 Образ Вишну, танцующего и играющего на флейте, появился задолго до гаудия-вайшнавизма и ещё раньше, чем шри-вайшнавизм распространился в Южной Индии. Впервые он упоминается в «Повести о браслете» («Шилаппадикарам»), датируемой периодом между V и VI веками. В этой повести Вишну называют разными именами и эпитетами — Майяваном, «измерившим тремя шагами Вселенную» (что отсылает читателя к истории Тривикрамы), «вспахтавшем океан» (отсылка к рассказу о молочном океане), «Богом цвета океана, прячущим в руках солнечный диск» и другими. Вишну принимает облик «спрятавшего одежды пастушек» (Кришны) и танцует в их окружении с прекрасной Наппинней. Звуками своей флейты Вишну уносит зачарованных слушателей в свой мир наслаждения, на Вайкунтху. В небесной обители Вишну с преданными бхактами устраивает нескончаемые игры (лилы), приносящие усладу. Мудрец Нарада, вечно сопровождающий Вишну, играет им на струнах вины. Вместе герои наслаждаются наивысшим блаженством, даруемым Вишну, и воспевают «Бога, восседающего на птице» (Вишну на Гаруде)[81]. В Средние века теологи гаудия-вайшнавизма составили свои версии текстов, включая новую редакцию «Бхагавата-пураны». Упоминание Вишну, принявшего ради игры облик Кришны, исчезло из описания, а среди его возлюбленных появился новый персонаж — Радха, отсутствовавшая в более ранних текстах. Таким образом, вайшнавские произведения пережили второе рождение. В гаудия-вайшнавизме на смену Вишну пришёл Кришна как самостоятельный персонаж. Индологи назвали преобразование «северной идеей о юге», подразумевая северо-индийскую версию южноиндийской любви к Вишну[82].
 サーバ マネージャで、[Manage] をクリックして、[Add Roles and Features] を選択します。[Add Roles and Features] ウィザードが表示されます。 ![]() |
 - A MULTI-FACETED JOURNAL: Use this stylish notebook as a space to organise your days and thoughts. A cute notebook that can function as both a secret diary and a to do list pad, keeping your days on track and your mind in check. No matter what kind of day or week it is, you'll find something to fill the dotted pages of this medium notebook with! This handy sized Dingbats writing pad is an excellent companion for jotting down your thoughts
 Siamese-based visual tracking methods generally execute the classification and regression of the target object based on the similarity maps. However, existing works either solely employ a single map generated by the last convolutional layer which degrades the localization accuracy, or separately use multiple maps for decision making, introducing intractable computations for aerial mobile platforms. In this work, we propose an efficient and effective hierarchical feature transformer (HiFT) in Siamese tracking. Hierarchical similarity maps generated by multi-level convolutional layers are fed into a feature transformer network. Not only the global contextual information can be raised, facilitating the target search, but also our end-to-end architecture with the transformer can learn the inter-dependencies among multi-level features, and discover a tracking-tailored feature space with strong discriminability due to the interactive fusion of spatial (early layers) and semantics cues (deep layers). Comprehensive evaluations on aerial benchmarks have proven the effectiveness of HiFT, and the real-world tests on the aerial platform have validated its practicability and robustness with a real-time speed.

★ ★ ★ ★

Task objective.
Copy out, from the listing above, every line that contains the string "with".

Exercise response.
 - A MULTI-FACETED JOURNAL: Use this stylish notebook as a space to organise your days and thoughts. A cute notebook that can function as both a secret diary and a to do list pad, keeping your days on track and your mind in check. No matter what kind of day or week it is, you'll find something to fill the dotted pages of this medium notebook with! This handy sized Dingbats writing pad is an excellent companion for jotting down your thoughts
 Siamese-based visual tracking methods generally execute the classification and regression of the target object based on the similarity maps. However, existing works either solely employ a single map generated by the last convolutional layer which degrades the localization accuracy, or separately use multiple maps for decision making, introducing intractable computations for aerial mobile platforms. In this work, we propose an efficient and effective hierarchical feature transformer (HiFT) in Siamese tracking. Hierarchical similarity maps generated by multi-level convolutional layers are fed into a feature transformer network. Not only the global contextual information can be raised, facilitating the target search, but also our end-to-end architecture with the transformer can learn the inter-dependencies among multi-level features, and discover a tracking-tailored feature space with strong discriminability due to the interactive fusion of spatial (early layers) and semantics cues (deep layers). Comprehensive evaluations on aerial benchmarks have proven the effectiveness of HiFT, and the real-world tests on the aerial platform have validated its practicability and robustness with a real-time speed.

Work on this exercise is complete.